All the biomarkers utilized in this work were downloaded from the LONI data archive (https://ida.loni.usc.edu/) where the pre-processed ADNI data are hosted.

Cerebrospinal fluid (CSF) biomarkers

CSF levels of amyloid beta (Aβ) and total (T-tau) and phosphorylated (P-tau) tau proteins were assayed by the ADNI Biomarker Core as previously described19.

Magnetic resonance imaging biomarkers

Structural MRI (SMRI) scans at baseline were downloaded and processed as described previously20. FreeSurfer v5.1 was used to obtain volume and thickness measures for standard regions of interest (ROIs) as surrogates for cerebral atrophy. We scaled the volumes by total intracranial volume. In addition, we also included volumetric measurements of hippocampal subfields.

Positron emission tomography (PET) biomarkers

Fluorodeoxyglucose (FDG) and F-florbetapir PET imaging from the baseline visit were analyzed as surrogates for neuronal injury and amyloid pathology, respectively18. For FDG-PET, AD-specific ROIs representing the temporal, angular, and posterior cingulate gyri were utilized21. For F-florbetapir PET, we included regional amyloid deposition assessed by standardized uptake value ratio (SUVR) in the temporal, parietal, and cingulate cortex, as well as a composite global measure of multiple regions22.

Cognition

Scores on the Mini-Mental State Examination (MMSE)23 at baseline were utilized as measures of cognitive performance.

Cognitive resilience

The number of errors on the American National Adult Reading Test (ANART) (which is an estimate of pre-morbid verbal IQ) and years of education were utilized as surrogate measures of cognitive resilience.

Genetic factors

Genotype and gene expression data from peripheral blood samples in ADNI were obtained as previously described24. In this study, we specifically analyzed APOE ε4 allele status (carrier vs. non-carrier) as well as expression data for the top genes with validated associations to AD (APOE, BIN1, CLU, ABCA7, CR1, PICALM, MS4A6A, CD33, and CD2AP) as listed in the AlzGene database25.

Demographics

Gender and age at the baseline visit were utilized in the predictive model.

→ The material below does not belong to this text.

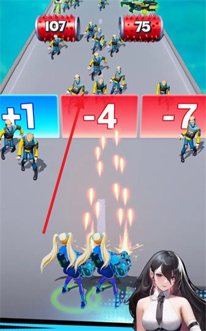 1、玩法新颖射击跑酷等你加入,招募更多美少女帮助自己消灭更多僵尸。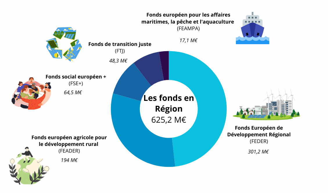 En savoir plus sur les fonds européens : le FEDER, le FSE+, le FTJ, le FEAMPA et le FEADER.

Data aggregation and ML preprocessing

A total of 94 potential predictive factors were included for analysis. A matrix was generated with 135 rows (representing study participants) and 94 columns (representing the potential predictive factors for MCI-to-AD progression). Prior to further analysis, we centered and standardized all data on a feature-by-feature basis by subtracting the mean and then dividing by the standard deviation.

ML-based prediction framework

Figure 2 shows a flow diagram of the prediction framework developed for this study. The framework consists of four major steps: information-theoretic feature selection, classifiers and hyper-parameter optimization, goodness-of-fit evaluation, and generalized performance evaluation. They are explained in the following paragraphs. A unique aspect of this workflow is the ability to specify the number of parameters optimized in the classification model by using an information-theoretic feature selection method. This is particularly useful in assessing the generalizability of a classifier as a function of the number of model parameters.

Figure 2
figure 2

A flow diagram illustrating the prediction framework. The framework uses a machine learning-based approach to learn a classifier using 80% of the full dataset and to test its performance on the remaining 20% of the data. Specific details of each step in the framework are as follows. (A) Stratified data partitioning: After the order of the subjects is randomized, the MCI-NP and MCI-P groups are separately partitioned with an 80%-training/20%-testing split. The respective training and testing sets from MCI-NP and MCI-P groups are combined to form the overall training and testing data for a single cross-validation. (B) Feature select loop: The top n out of 94 features that best jointly correlate with the class labels (P-MCI or MCI-NP) are selected using the joint mutual information (JMI) criterion. (C) Inner CV loop: A combination of hyper-parameters is selected for each classifier based on a tenfold cross-validation. (D) Goodness-of-fit metrics: The classifier learned in the previous step is tested on the testing dataset and measured on its performance. (E) Outer CV loop: A fivefold cross-validation is utilized to produce generalized performance metrics accounting for non-uniformly distributed data.

Feature reduction using joint mutual information (JMI)

Mutual information between two random variables quantifies the amount of information shared between them. Mutual information is a more comprehensive measure of the relationships between random variables than statistical correlation-based approaches, which measure linear relationships only. Mathematically, mutual information is denoted by \(I(Q;R)\) and defined for discrete random variables Q and R as shown in Eq. 1, where \({\bf{Q}}\) and \({\boldsymbol{ {\mathcal R} }}\) denote the alphabets of Q and R, respectively.

$$I(Q;R)={{\rm{\Sigma }}}_{q\in {\mathscr{Q}}}{{\rm{\Sigma }}}_{r\in {\mathcal R} }p(q,r)log\frac{p(q,r)}{p(q)p(r)}$$
(1)

When Fk is one of the attributes in a set of attributes \(\{{F}_{1},{F}_{2},\ldots {F}_{k}\}\) and Y is an outcome or class that can be predicted by the attributes, mutual-information-based approaches can be used to select the most predictive attributes. One such approach is to treat the attributes as independent random variables, rank them in descending order based on their mutual information with respect to the outcome Y, and select the top n number of attributes. One limitation of that approach is that useful and parsimonious sets of features should be both (i) individually relevant, and (ii) not highly correlated with each other. Joint mutual information shared between \(\{{F}_{1},{F}_{2},\ldots {F}_{k}\}\) and Y is defined as shown in Eq. 2, where Fk and Y denote the alphabets of Fk and Y, respectively.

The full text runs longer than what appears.